Только час не прошел — летит тот царев слуга сызнова, голосит: «Беда, детушки! Все холопы Романовых с пытки боярина вашего, князя Бориса, порочат, таки небылицы возводят на горемычного, что царя инда дрожь пробиват! Одно теперь князю спасение, православные, — вам упасть пред царем и очистить от хитрых изветов хозяина». Наши тут взволновалися, распалилися: «Веди, говорят, честный дворянин, на патриарший двор, пусть пытает нас царь, постоим за боярина!» — «Ладно уж, — отвечает тот посланный, — только скиньте покамест с себя все оружие, чтоб не приняли вас за крамольников, да по улице двигайтесь тихо и стройно, и народ не мутить». Эдак всех и увел, а остаться велел только Дуньке, да мне, да ключнице старой Антиповне.
«Прямо былину сложила», — дивился Отрепьев слаженности причитания. Фрося повела жалобнее:
— Вот сидим мы, дрожим, засыпает Антиповна, только смотрим: опять супостат ворочается, только едет уже не спеша, подбоченившись, а за ним, на конях, — полный полк стрельцов, человек с десяток, не менее. Вот въезжают в усадьбу, он стрельцам говорит: «Запирайте, ребята, все двери амбаров на замочки пудовые, а где нету замка, забивайте дубовыми сваями, чтоб никто не присвоил ни зернышка: потому — я хозяин сего благолепия.
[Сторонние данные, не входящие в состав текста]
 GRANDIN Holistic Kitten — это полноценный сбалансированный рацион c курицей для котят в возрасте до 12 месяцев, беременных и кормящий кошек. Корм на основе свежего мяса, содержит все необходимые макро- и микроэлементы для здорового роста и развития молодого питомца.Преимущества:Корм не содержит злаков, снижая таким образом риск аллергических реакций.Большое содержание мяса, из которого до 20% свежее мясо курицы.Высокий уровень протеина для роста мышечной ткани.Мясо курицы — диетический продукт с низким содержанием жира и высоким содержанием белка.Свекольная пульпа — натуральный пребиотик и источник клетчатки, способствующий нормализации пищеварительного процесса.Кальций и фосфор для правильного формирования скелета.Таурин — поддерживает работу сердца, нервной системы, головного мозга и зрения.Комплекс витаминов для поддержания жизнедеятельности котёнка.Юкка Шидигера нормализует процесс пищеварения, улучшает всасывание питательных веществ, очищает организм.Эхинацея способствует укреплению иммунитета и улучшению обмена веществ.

Царь Борис-де меня за бескровное, тихое взятие злых воров-лиходеев своих сейчас жаловал шапкой боярской и этой боярской избою, со всеми ее причиндалами, со всем серебром-златом, что в ней. А пока пусть стоит заперта, заколочена, покуда слуг добрых сюда наберу вместо прежних разбойников». Об Антиповне же приказал: взять от этой старухи ключи, отпугнуть за ограду, пусть идет помирать к каким знает святым местам. А красных девок, сказал, мол, оставьте в своем теремке. Перееду сюды, их попробую! А вы, говорит, девки, живите, ничего не бойтесь, кто ни начал бы вас доставать, отвечайте охальнику: мы-де девки свово Салтыкова-боярина, для него бережемся.
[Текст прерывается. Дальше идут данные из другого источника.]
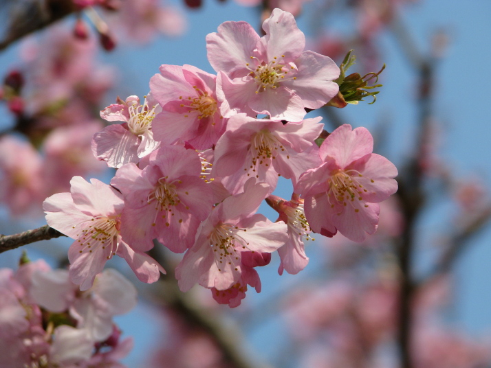 海岸通り沿いの河津桜が開花し、観光客の眼を楽しませてくれます。
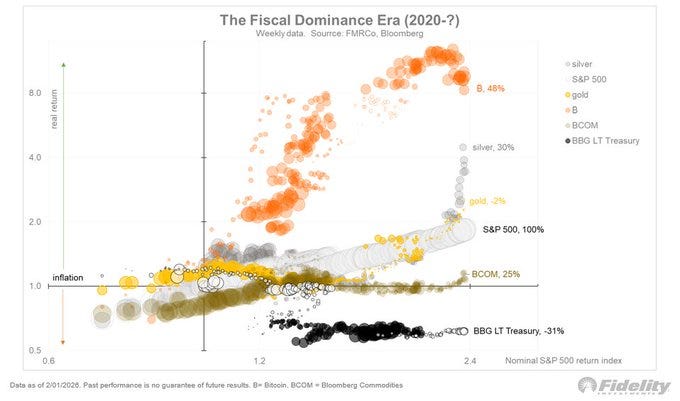 This is where your “fiscal dominance” framing becomes the emotional core of the note for me, because it’s about what happens when the old diversification tools stop behaving.
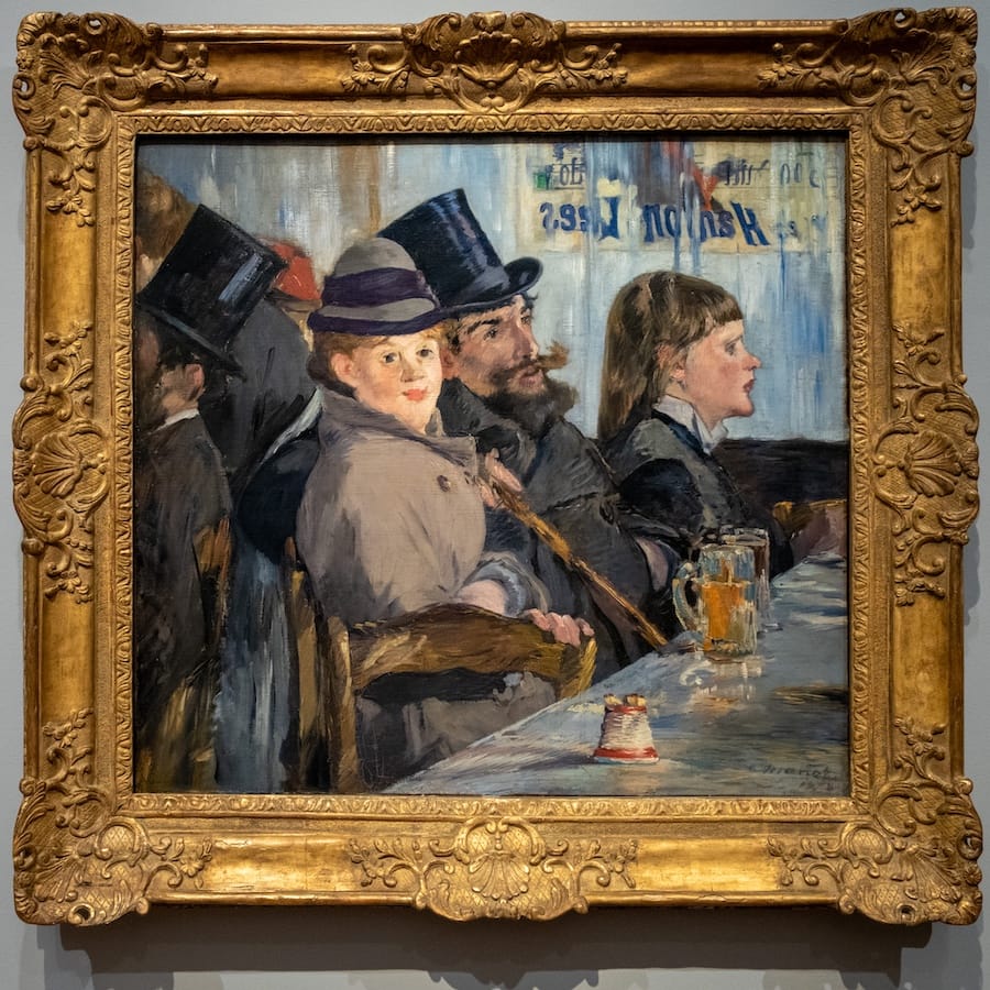 One of the highlights of the exhibition is “La Débâcle” (The Break-up of Ice on the Seine) (1880-81) by Claude Monet. The ice floes and the poplars are painted in almost abstract brushstrokes. It is a beautiful rendition of a tranquil winter’s day in the country. Another highlight is “Au Café” (1878) by Édouard Manet. In 1877, Manet began work on a large painting of the interior of the Café de Reichshoffen in Paris. Dissatisfied with the composition he cut the canvas in two and reworked both halves. The left side became “Au Café” and was eventually purchased by Oskar Reinhart, the right side became “Corner of a Café-Concert” and was acquired by the National Gallery with funds provided by Samuel Courtauld. It would have been nice if the Courtauld Gallery had borrowed it for the occasion so that both paintings could be viewed side by side. It so happened that I had just seen it at the National Gallery and had taken a snapshot and bought the postcard, which was a happy coincidence.
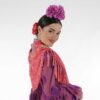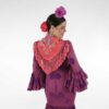 1.- Con el Mantoncillo Rosario DW fresa bordado en fucsia, lleva el Ramillete Claveles Lavanda y los Pendientes invitada Carmina.
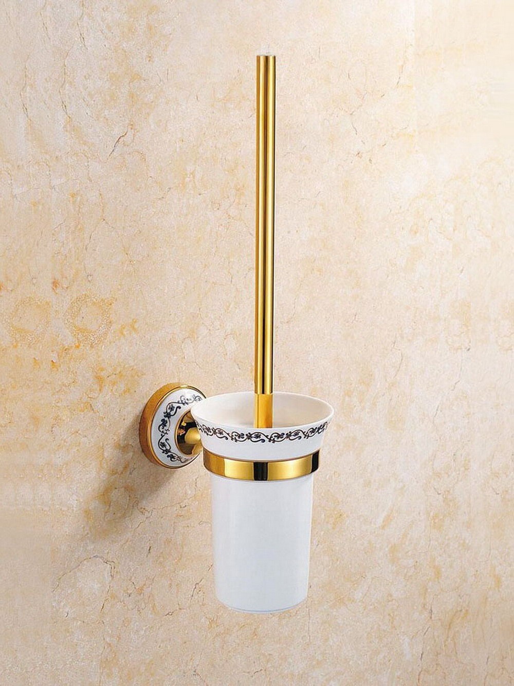 как выглядит Gold Color Brass Toilet Brush Set Holder Brush Ceramic Cup Wall Mount aba247 фото

Высказывая таковые слова, Ефросинья охрипла, обиделась голосом.
— Вот это хлюст, вот это боярин, такому бы и я послужил, — приговаривал во время рассказа чернец, забывая от невольного восхищения, что этот боярин лишил его крова.
— Что же мне теперь делать? — спросила жалобно Ефросинья.
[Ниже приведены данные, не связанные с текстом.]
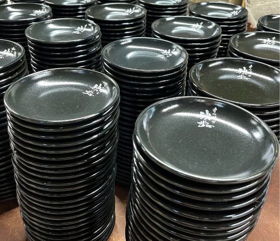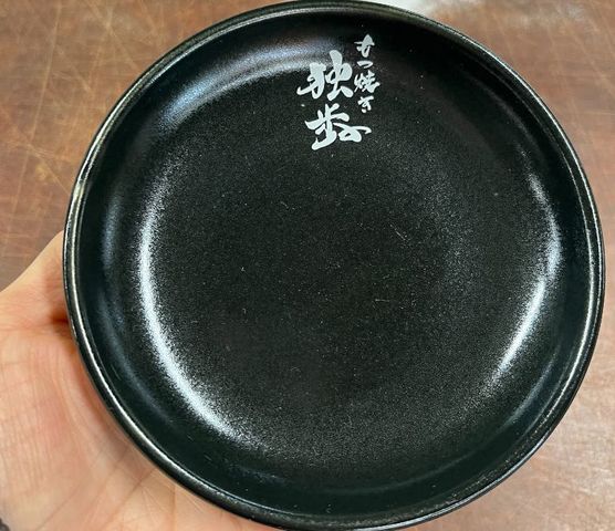 黒色の丸皿に、お店のお名前をお入れしました。
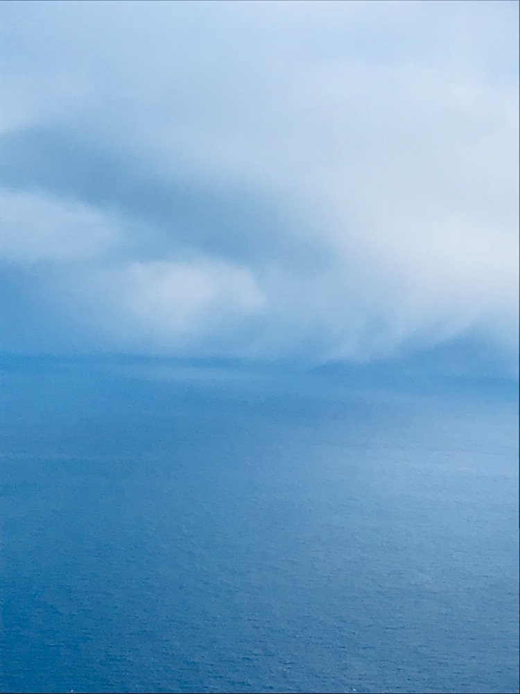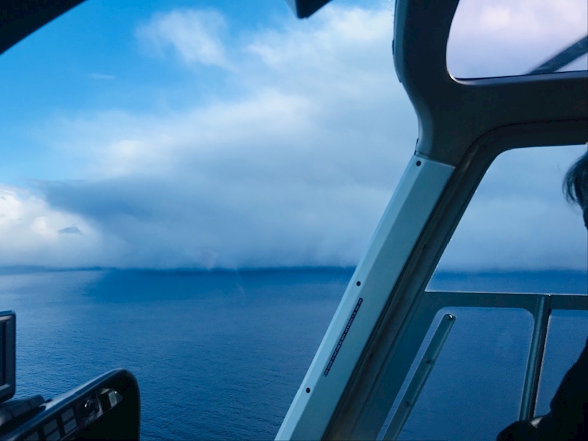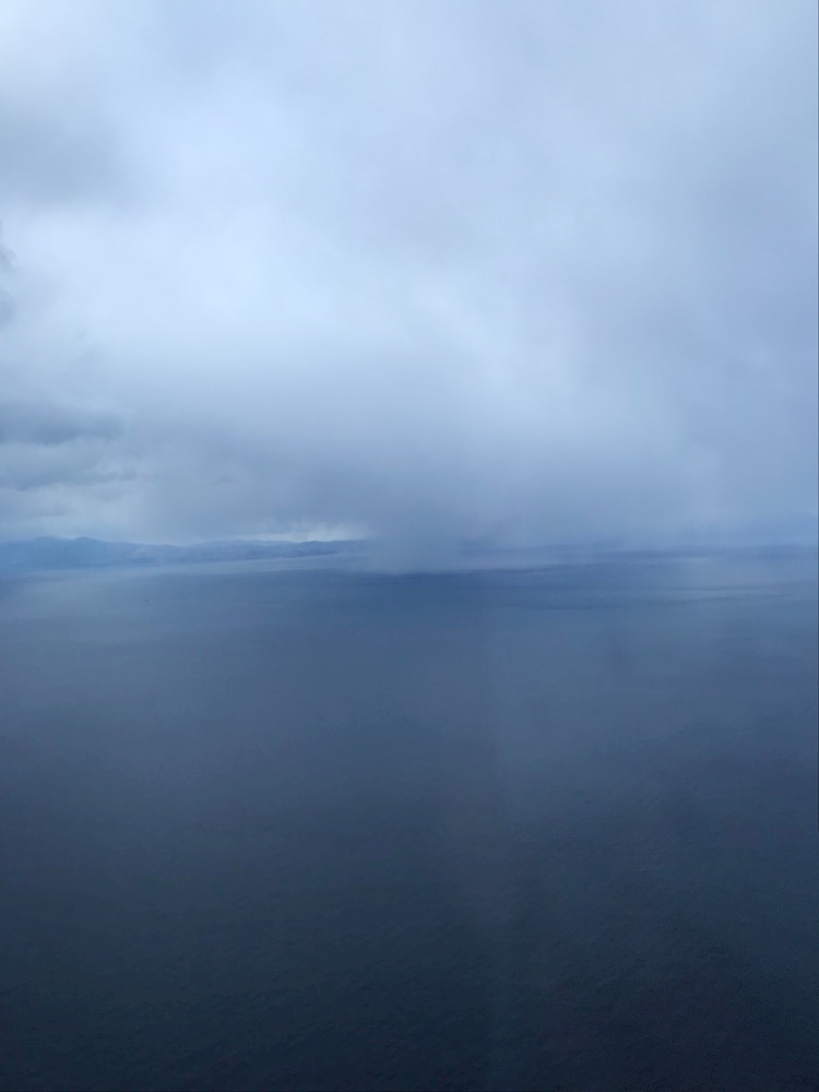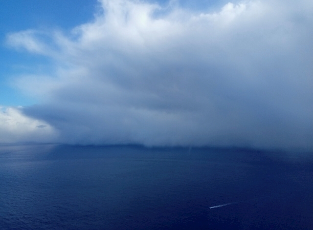 分厚く海面まで伸びる雲が

— А я знаю? — удивился Отрепьев. «Разве баба в такой каше может спастись?» — грустно усмехнулся про себя.
— Ты сам-то куды?
— Я-то? Прочь из Москвы.
— А куды?
— Знать больше — на дыбе трещать дольше.
— Юшенька… возьми меня с собой.
— Мне с тобой несподручно. Прощай. — Григорий взялся за ставень.
— Неуж ты меня и не поцелуешь?
Григорий остановился. Желание и страх невозможного грехопадения боролись в нем. Он уже хотел прямодушно признаться, что теперь он не тот, кем был раньше, теперь он невинный монах, но Ефросинья придвинулась. На монаха повеяло таким знакомым и пряным теплом, что он тут же, забыв думать, отыскал своими устами ее уста и, ненасытно всю катая в объятиях, повлек на постель.
Только далеко за полночь инок выбрался из Москвы и поворотил на Владимирскую дорогу. С виду шел он бодро и спешно, но тяжело, непокойно замирала его душа. Каждый миг ждал он грома с небес. Однако же небосвод был просторен и чист, полный месяц беспечным дозором обходил мир, и ничто не предвещало грозы на голову грешника. Тогда, отчаявшись увидеть над собой ужасную молнию, Григорий решил, что Бог расплатится с ним за унижение рясы иначе, не тревожа особо окрестностей: видимо, чернец должен над мельничным ставом либо запрудой осклизнуться и потонуть. Но как ни дрожали колени Григория при переходе таких скользких мест, он миновал их благополучно.
Приблизившись к темному перелеску, монах облегченно вздохнул: все оказывалось проще, его зарежут разбойники. Глухой стеной обступили его со всех сторон вековые деревья, забурчал где-то филин, с наслаждением квакали хором лягушки, но разбойников не было видать. За пятнадцать лет разумного правления Годунов привел-таки Русь в божий вид благоденствия, и даже лихие люди по дремучим дорогам повывелись — выгоднее стало жить смирно.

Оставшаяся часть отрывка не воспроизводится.